The holy grail for politicians and economists is the GDP, a measurement of all goods and services produced within the US economy over a specific period. According to the BEA, real GDP under Trump was higher than first reported: 2.5% in 2017 (previously 2.2%), 3% in 2018 (previously 2.9%), 2.5% in 2019 (previously 2.3%), and negative 2.2% (previously negative 2.8%). By comparison, real GDP was revised lower in the first two years of the Biden administration: 5.8% in 2021 (previously 5.9%) and 1.9% in 2022 (previously 2.1%).
On the inflation front, prices were overestimated in the Trump presidency and underestimated in the Biden era. The personal consumption expenditure (PCE) price index, excluding the volatile energy and food components, was mainly lower than the BEA’s first estimates from 2017 to 2020. The PCE was also much higher in 2021 and 2022 than first reported.
The personal savings rate – personal saving as a percentage of disposable personal income – was downgraded under both administrations. In other words, people saved far less than first believed. In fact, the downward revisions date back to 1995, meaning the amount of savings in the country has been lower for the last three decades.
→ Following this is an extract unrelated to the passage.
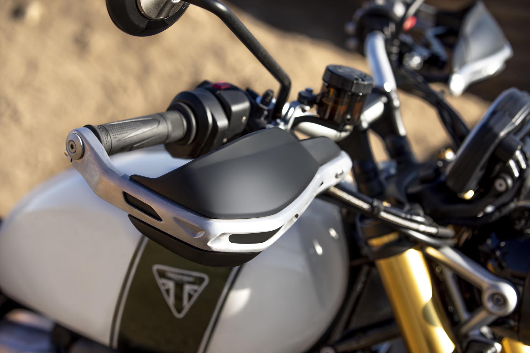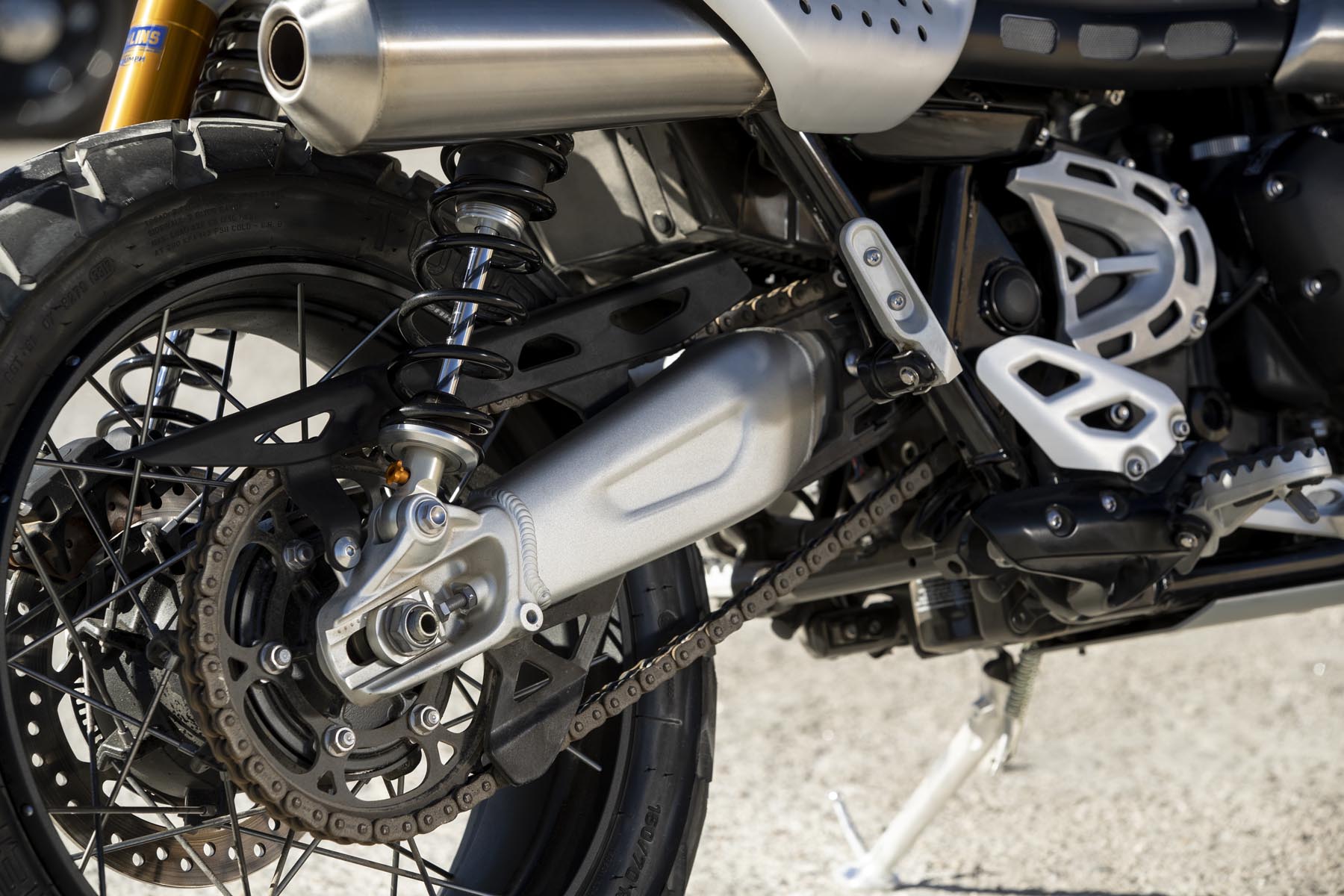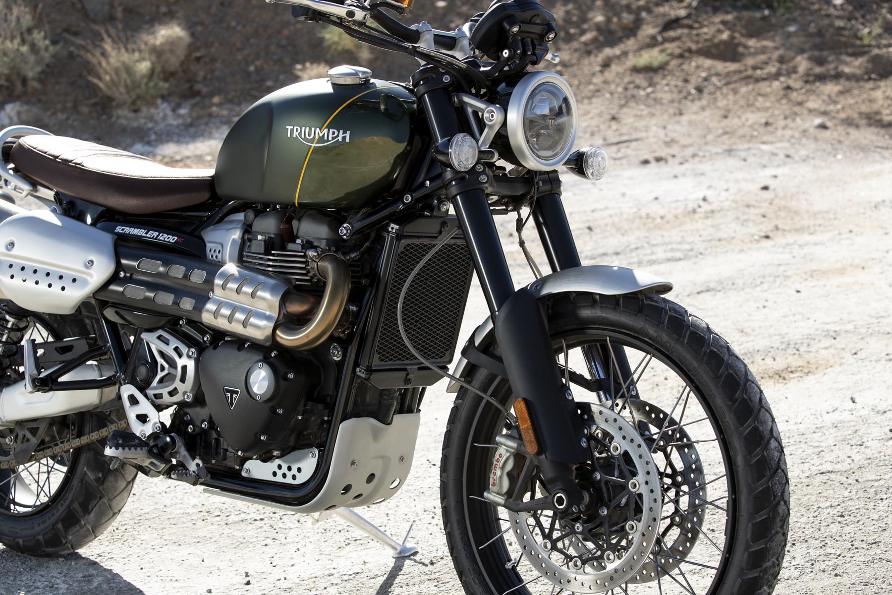 Ook het rijwielgedeelte mag er zijn. De achtervering is in handen van volledig instelbare Öhlins achterschokbrekers. Aan de voorzijde is een volledig instelbare Showa voorvork met lange veerwegen aan het werk. En wat te denken van de remmen: dubbele, radiale M50 Monobloc remklauwen van Brembo. De aluminium swingarm heeft een lange veerweg en de opklapbare voetsteunen zijn op de XE versie – optie – verder in te stellen. Beide modellen hebben gespaakte wielen. En voor zit een – opzienbarend! – 21 inch velg. De Scramblers zijn geschoeid met Pirelli Scorpion Rally banden.

Revisions, Revisions, Revisions
As Liberty Nation reported, 2023 has been the year for revisions. The BEA, the Bureau of Labor Statistics, and other entities in Washington have been constantly adjusting the data down, particularly the labor numbers. Approximately 355,000 jobs have been eliminated from the economic landscape from January to July due to month-to-month changes in the dataset. How much will have been lost in the upcoming non-farm payroll reports? The statisticians say that the more data they collect, the more accurate the depiction of the overall marketplace. But, at least on the jobs front, the frequency and size have raised some eyebrows about the way the figures are gathered and analyzed.
Too Little Too Late
In the end, with the economy typically playing a major role in every election cycle and in the global financial markets, the BEA’s latest multi-year revisions could cause for concern and threaten the integrity of what is reported. Indeed, many experts routinely question the validity of Chinese economic data because it is easy to distort and manipulate. Is America China? Perhaps not, but Americans’ skepticism might be warranted by the treasure trove of divergences, randomness, and better-than-expected prints. Should President Biden win re-election and serve until early 2029, what will the BEA say about Bidenomics in the next few years?